Tapi seorang pakar Antropologi yang banyak menjadi rujukan berbagai universitas di negri ini, Prof. Dr. Koentjaraningrat, dalam bukunya, ‘Kebudayaan, Mentalitet dan Pembangunan” malahan mengatakan, “ Agama adalah titah Tuhan, maka sebaiknya jangan kita berusaha untuk mengembangkan suatu agama khas ala Indonesia ...” . Menurut saya sich, memang istilah Islam Nusantara bisa menimbulkan berbagai asumsi makna, dan berbagai konotasi yang bagi kaum cerdik pandai mungkin bisa memahami. Tapi bagi kalangan akar rumput, akan dibuat tambah bingung. Salah-salah dalam split personality mereka, akan mudah pergi mencari dan menenggak apa yang diistilahkan oleh Jalauddin Rachmat, Islam Panadol atau Islam Panasea.

Pribimisasi Islam, Islam Nusantara, Islam China, India, Timteng, Islam Fiqih, Islam Syariah, Islam Sufi, Islam si anu, Islam budaya, Islam lokal , atau apapun namanya, bukankah harus tetap dalam bingkai jama’ah, sebagaimana anjuran Rasul, “ Kalian harus berjama’ah karena tangan Allah bersama jama’ah.” Karena menurut Rasul, “ Syetan bersama orang yang sendirian dan dari dua orang lebih jauh.” Hal ini merupakan aturan pelaksanaan undang-undang Tiuhan dalam al-An’am ayat 159,” Sesungguhnya orang-orang yang memecah belah agamanya dan mereka menjadi bergolongan, tidak ada sedikitpun tanggung jawabmu terhadap mereka.”

Jadi kalau bisa semua muslim sedunia pada suatu waktu, entah untuk salat lima waktu atau salat jum’at, hendaknya berjama’ah di Masjidil haram atau Masjid Nabawi di Madinah, dengan melepas semua atribut-atribut diri, budaya dan lokalitasnya.
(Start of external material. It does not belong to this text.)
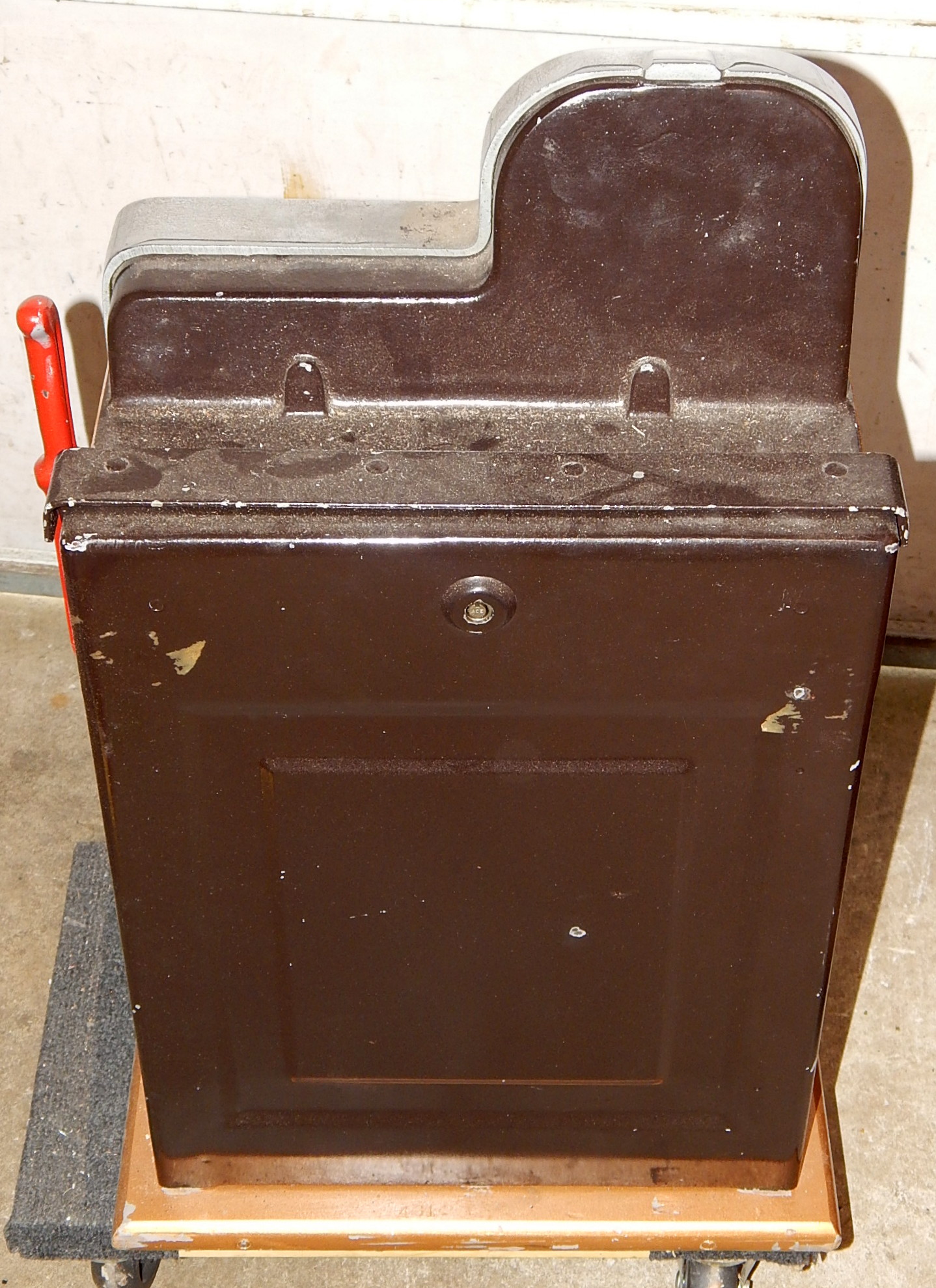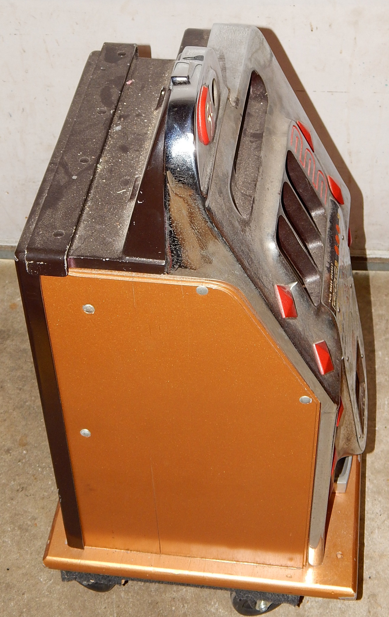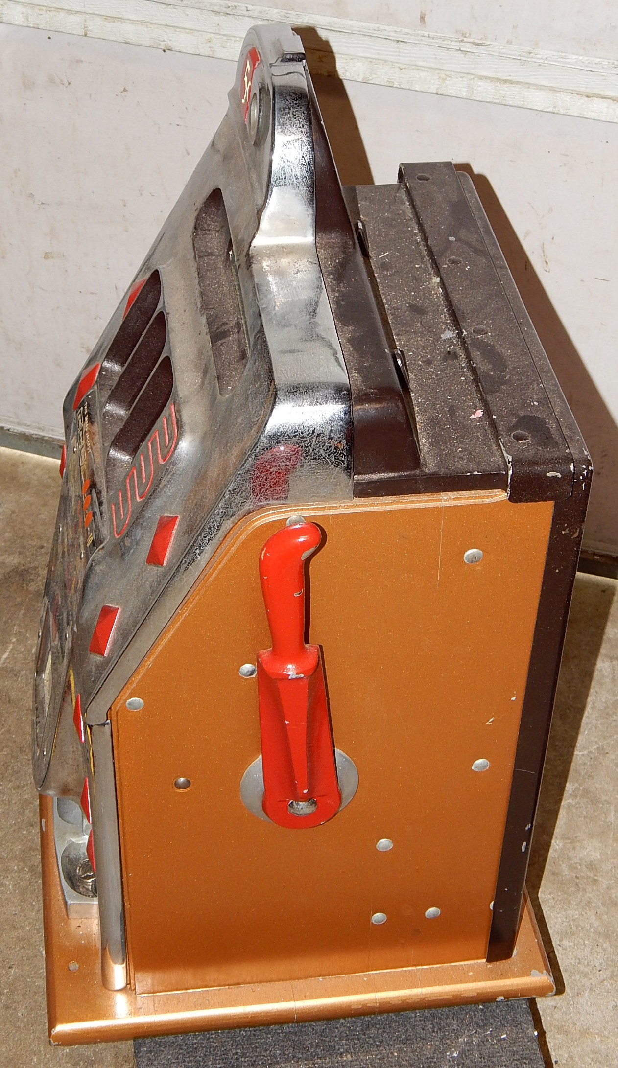 Mills 1940 Diamond Front 5 cent "Chrome". original chrome finish. Cabinet painted back to the original copper tone hammer. Jack pot with reserve, back door. lock with one key, cash box. Plays very easy.

Jangan sampai saling berebut mencari dan mengambil shaaf tersendiri. Islam Nusantara paling depan, Islam India di tengah, Islam China di belakang, dan Islam Timur-Tengah tidak kebagian tempat terpaksa salat di tangga-tangga atau di lapangan.
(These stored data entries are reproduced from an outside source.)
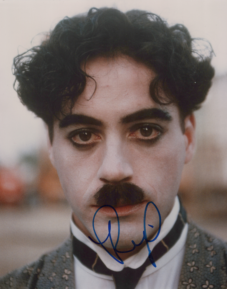 AUTOGRAPHS. A collection of approximately 200 signed photographs, including Robert Downey Jr, Gerard Depardieu, Morgan Freeman, Deanna Durbin, Edward de Souza, Bob Denver, Virginia Grey, Andy Garcia, Michael Gambon, Robert Beatty, Alan Bates, Sean Bean, Faye Dunaway, Geena Davis, Frances Day, William Dafoe, Kirk Douglas, Neil Dickson, Richard Gere, and another signed by both Judi Dench and John Neville, most 25cm x 20cm.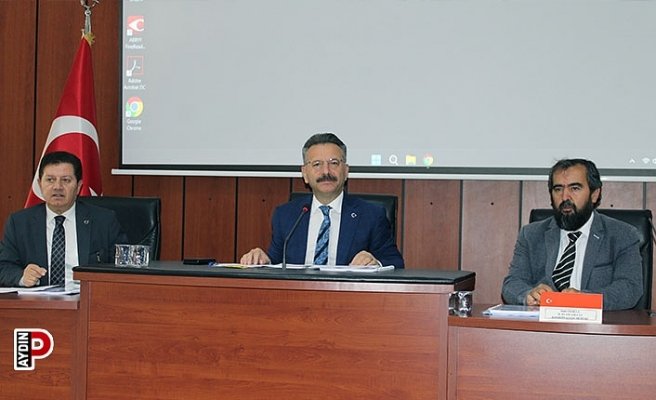 Yatırım İzleme ve Koordinasyon Başkanlığı Toplantı Salonu’nda Aydın Valisi Hüseyin Aksoy başkanlığında yapılan toplantıya Aydın Büyükşehir Belediye Başkan Vekili Barış Altıntaş, kaymakamlar, ilçe belediye başkanları, daire müdürleri ve meslek kuruluşu temsilcileri katıldı.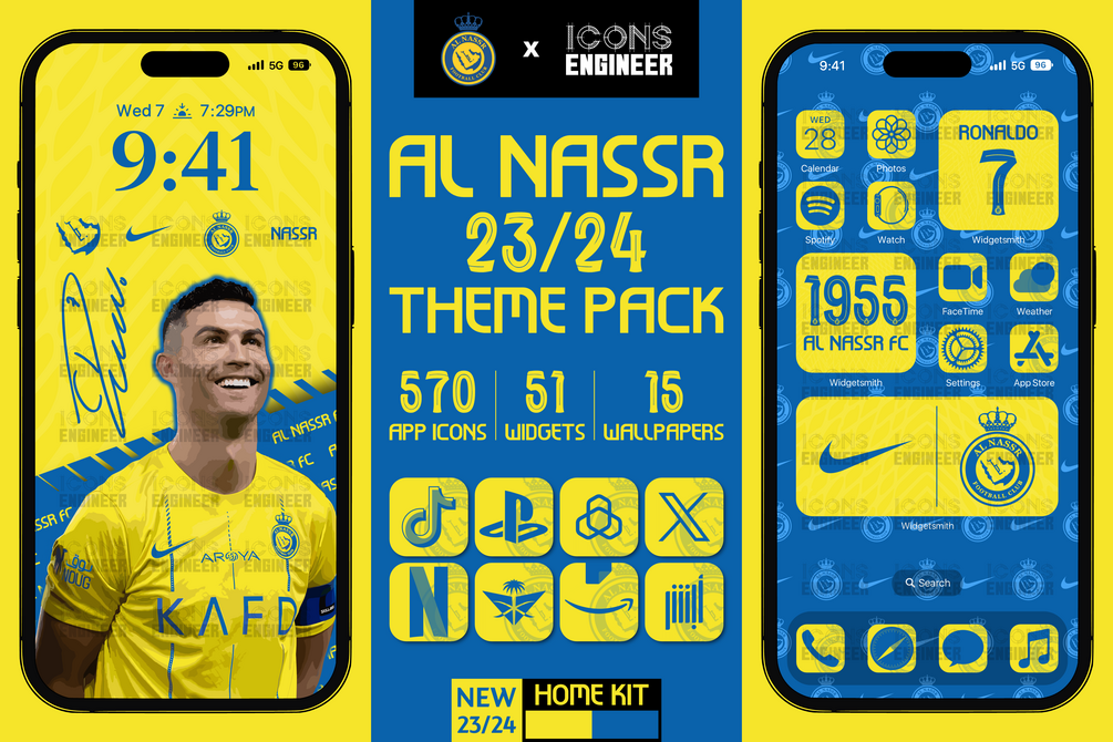 This pack includes all the most emblematic app icons, widgets, and wallpapers. Inspired by the Authentic Al-Nassr 23/24 Home Kit to make your phone shine with the Al Alami glory.

Atau paling tidak selalu berorientasi sama dengan mengarahkan wajah ke arah kiblat ketika salat dengan kesadaran sebagai satu kesatuan yang berbaris menuju Allah. Al-Baqarah ayat 144 berbunyi, “ Sungguh Kami (sering) melihat mukamu menengadah ke langit, maka sungguh Kami akan memalingkan kamu ke kiblat yang kamu sukai. Maka palingkanlah mukamu ke arah Masjidil Haram. Dan di mana saja kamu berada, palingkanlah wajahmu ke arahnya...” Semua kita adalah fakir di hadapan Allah. Dan Allah pastinya tidak mlihat derajat seorang muslim dari latar suku, bangsa atau jenis kelaminnya, melainkan dari ketaqwaannya. Insya Allah, tidak akan terjadi nanti di surga seorang Islam Indonesia yang lembut, sopan dan tidak suka kekerasan, akan terheran-heran melihat seorang Islam timur-tengah yang radikal dan suka perang, lantas bertanya, “Lho, kok kamu di sini?....” Karena sejatinya setiap perang punya alasannya, kadang menjadi sebuah pilihan yang tak bisa dihindari. Dan setiap bangsa punya masalah, tanggung jawab, dan tantangannya sendiri.